### AIM OF THE EXERCISE:
Restate word for word all of the lines below, with each image left out.

Stored data entries
________________________

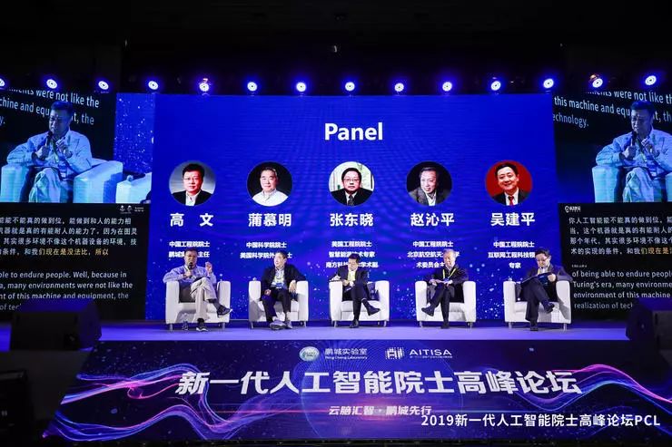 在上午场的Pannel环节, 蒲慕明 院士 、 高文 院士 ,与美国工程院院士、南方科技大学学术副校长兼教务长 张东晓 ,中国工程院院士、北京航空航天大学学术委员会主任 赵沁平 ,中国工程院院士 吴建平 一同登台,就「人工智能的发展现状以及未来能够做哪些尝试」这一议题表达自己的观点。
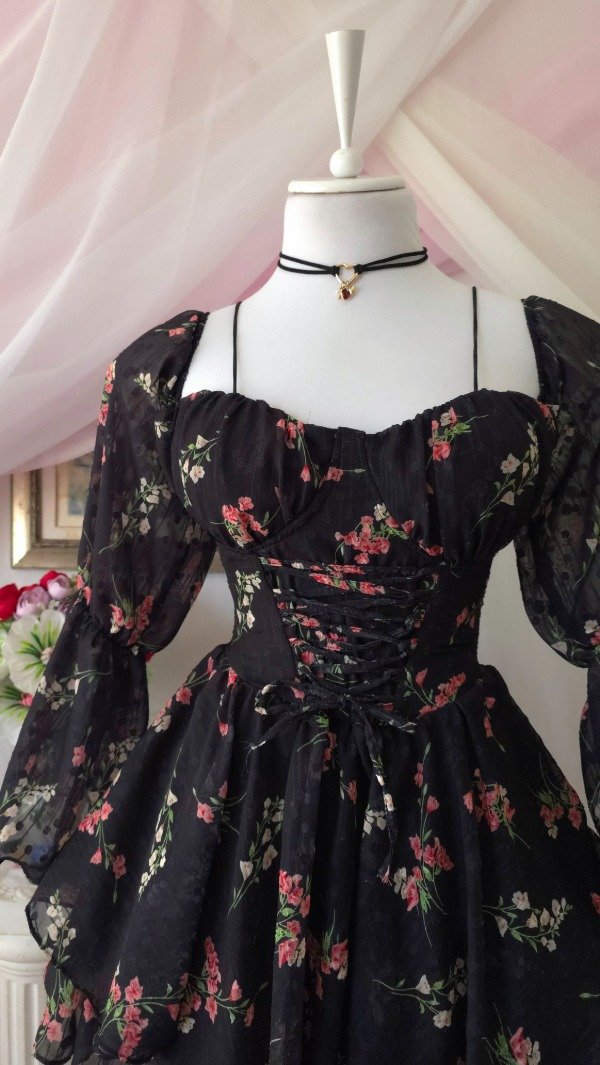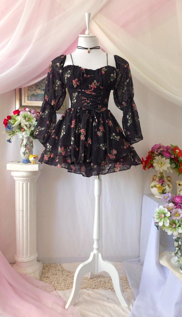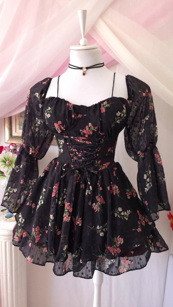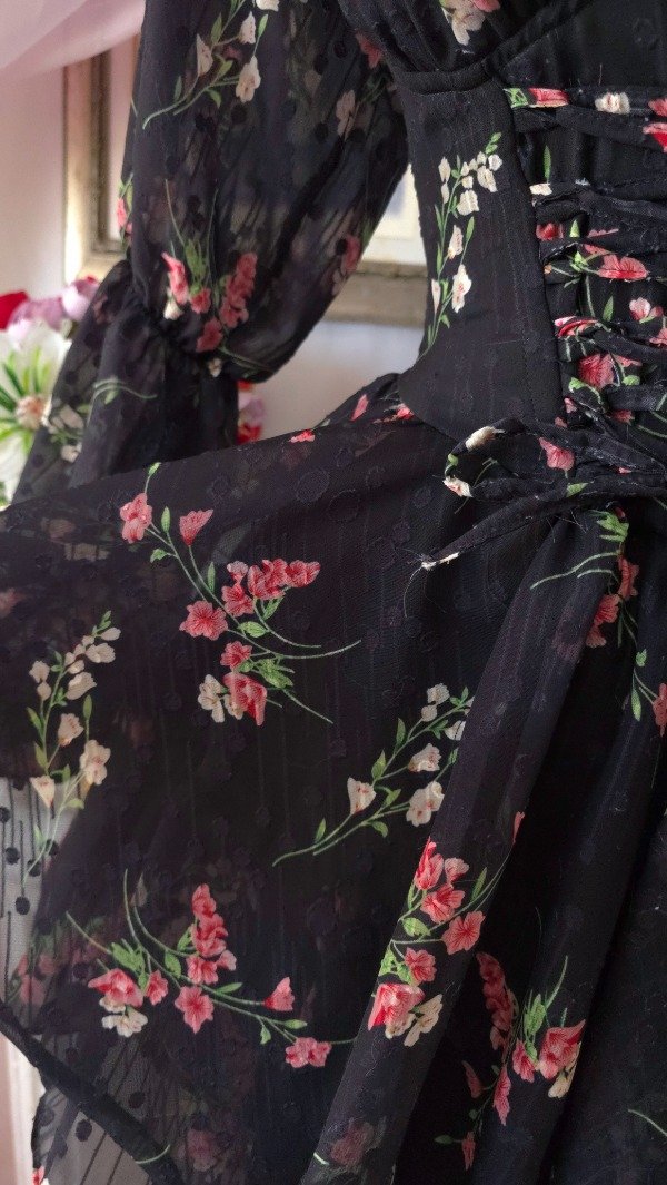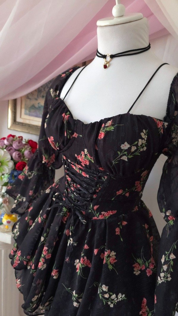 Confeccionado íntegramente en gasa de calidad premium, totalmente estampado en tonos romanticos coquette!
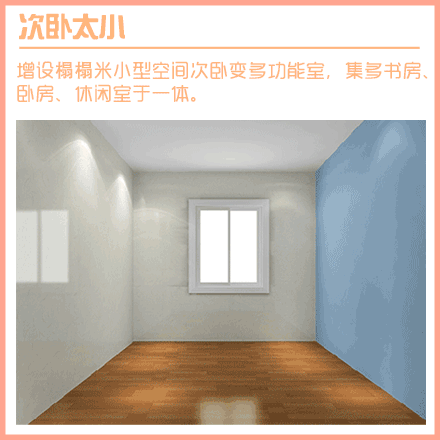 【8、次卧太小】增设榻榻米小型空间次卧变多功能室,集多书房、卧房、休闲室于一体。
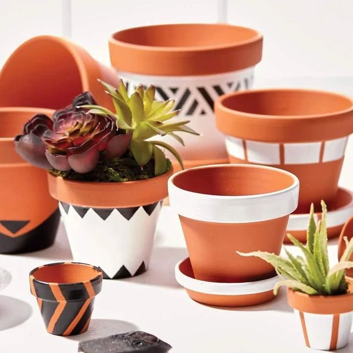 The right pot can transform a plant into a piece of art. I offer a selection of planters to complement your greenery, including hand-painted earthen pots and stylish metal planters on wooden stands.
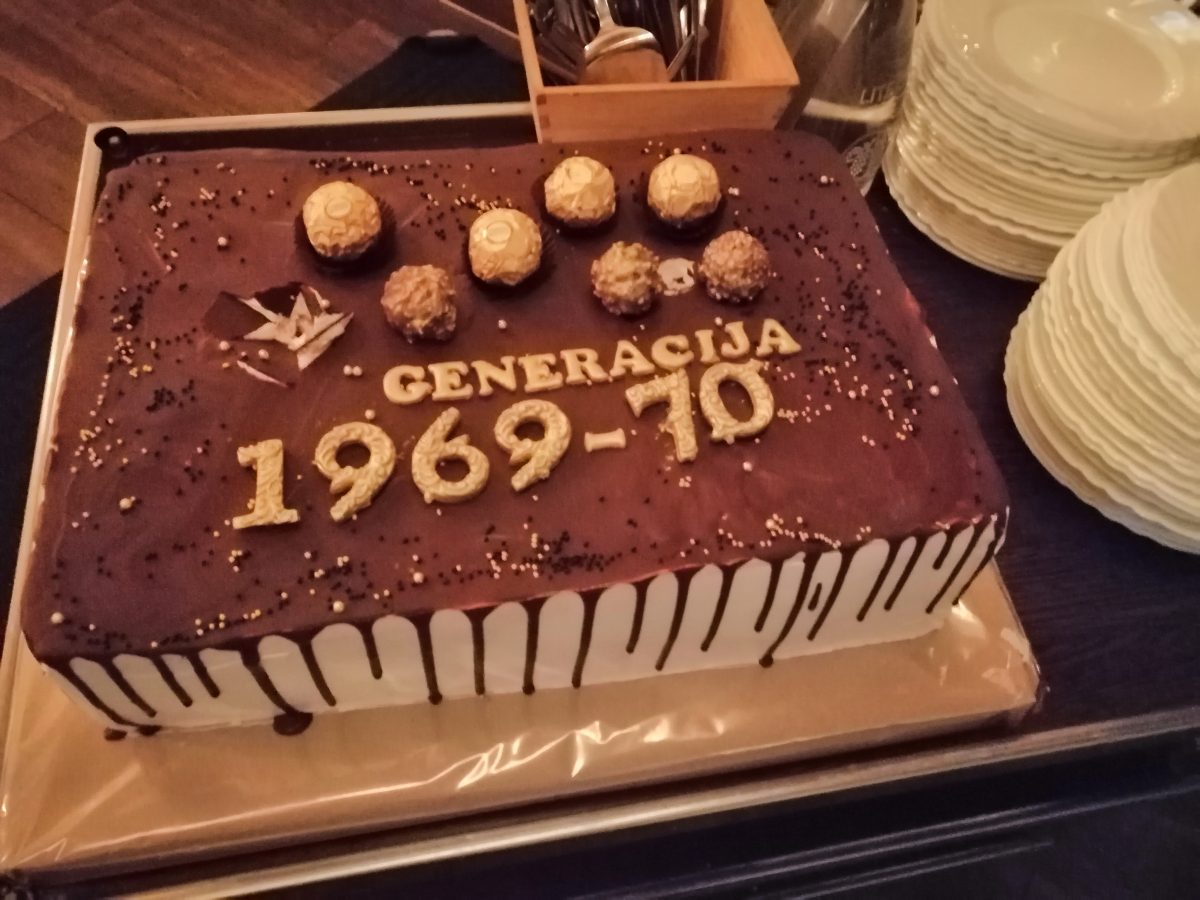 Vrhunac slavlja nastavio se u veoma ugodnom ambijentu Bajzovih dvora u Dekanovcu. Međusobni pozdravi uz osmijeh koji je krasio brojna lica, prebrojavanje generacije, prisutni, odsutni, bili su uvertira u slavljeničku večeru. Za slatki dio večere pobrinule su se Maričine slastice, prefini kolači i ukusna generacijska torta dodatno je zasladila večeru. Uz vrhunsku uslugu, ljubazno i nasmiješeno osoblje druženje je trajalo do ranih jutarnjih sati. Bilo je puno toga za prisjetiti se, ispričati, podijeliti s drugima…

________________________

### ANSWER AREA:
 在上午场的Pannel环节, 蒲慕明 院士 、 高文 院士 ,与美国工程院院士、南方科技大学学术副校长兼教务长 张东晓 ,中国工程院院士、北京航空航天大学学术委员会主任 赵沁平 ,中国工程院院士 吴建平 一同登台,就「人工智能的发展现状以及未来能够做哪些尝试」这一议题表达自己的观点。
 Confeccionado íntegramente en gasa de calidad premium, totalmente estampado en tonos romanticos coquette!
 【8、次卧太小】增设榻榻米小型空间次卧变多功能室,集多书房、卧房、休闲室于一体。
 The right pot can transform a plant into a piece of art. I offer a selection of planters to complement your greenery, including hand-painted earthen pots and stylish metal planters on wooden stands.
 Vrhunac slavlja nastavio se u veoma ugodnom ambijentu Bajzovih dvora u Dekanovcu. Međusobni pozdravi uz osmijeh koji je krasio brojna lica, prebrojavanje generacije, prisutni, odsutni, bili su uvertira u slavljeničku večeru. Za slatki dio večere pobrinule su se Maričine slastice, prefini kolači i ukusna generacijska torta dodatno je zasladila večeru. Uz vrhunsku uslugu, ljubazno i nasmiješeno osoblje druženje je trajalo do ranih jutarnjih sati. Bilo je puno toga za prisjetiti se, ispričati, podijeliti s drugima…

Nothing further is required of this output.